Я чувствую себя сильным, чувствую, как впервые за всю жизнь покой разливается по жилам. Не нужно ничего доказывать, не нужно мстить, не нужно помнить обид. Я все сделал, мое желание исполнилось. Я убил человека.
Мужчина должен быть сильным, хрустальный шар под потолком, Генка Смородинов, оторванные с мясом пуговицы, почему ты ему не врезал? Почему я не ударил тогда, десять лет назад? Почему не превратился в разъяренного монстра, исполненного ярости? Почему не раскидал своих обидчиков, не размазал их по натертым мастикой полам школьных коридоров, по грязным сугробам школьного двора?
Наверное, я просто никогда не мог ударить человека.
С дилером Антону удалось встретиться только на следующий день: Валера извинился и объяснил, что вчера совсем убился и не перезвонил. Антон вышел на балкон, набил травы в трубочку и устроился поудобней.

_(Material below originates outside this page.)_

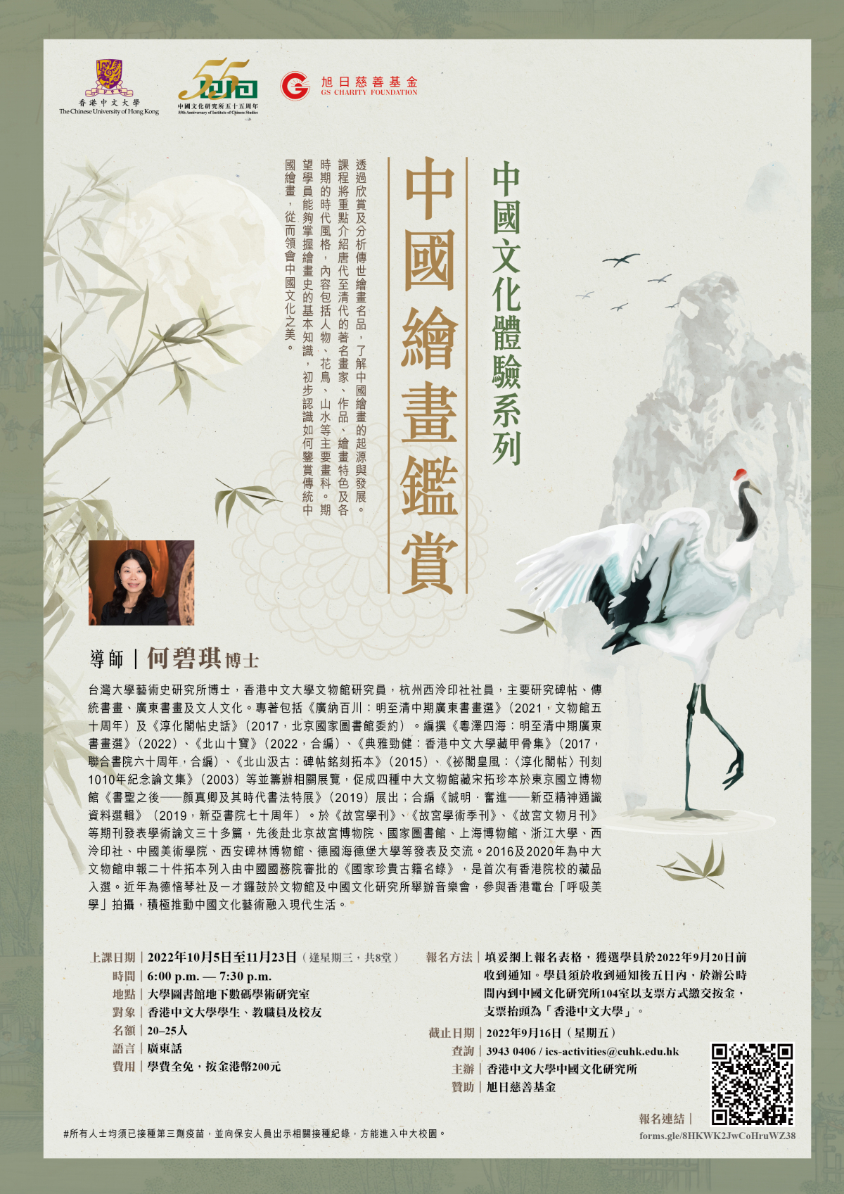 The Institute of Chinese Studies will commence to launch the Experiencing Chinese Culture Series in the new academic year. The workshop “Appreciation of Chinese Painting”, delivered by Dr. Peggy Ho, is now open for registration. This workshop will be conducted in Cantonese.

Его вставило с первой затяжки. Мир снова стал прекрасен. Оказывается, наступило бабье лето. Солнце светило, птица летала по небу, листья отливали золотом. Где-то далеко ехали по улице машины, Антон слышал их ровный гул. Шумел ветер. Тень от соседнего дома косо лежала на перилах балкона, словно перечеркивая их. Боже мой, подумал Антон, почему же я не сидел так вчера, что мне мешало? Неужели небо без травы не было столь прекрасно? Как я мог все это забыть? Смешно, в самом деле. Он затянулся последний раз, вытряс пепел и вернулся в комнату. В развале кассет нашел «Underworld», сунул в магнитофон, сделал звук погромче и вернулся на балкон. Как он мог жить без этого целых два дня? Теперь, почувствовал Антон, всё будет хорошо. Всё всегда будет хорошо, не только сегодня. Пусть только Джа не даст ему забыть это – синеву неба, тень от дома, шум машин, шорох листьев, музыку из окна.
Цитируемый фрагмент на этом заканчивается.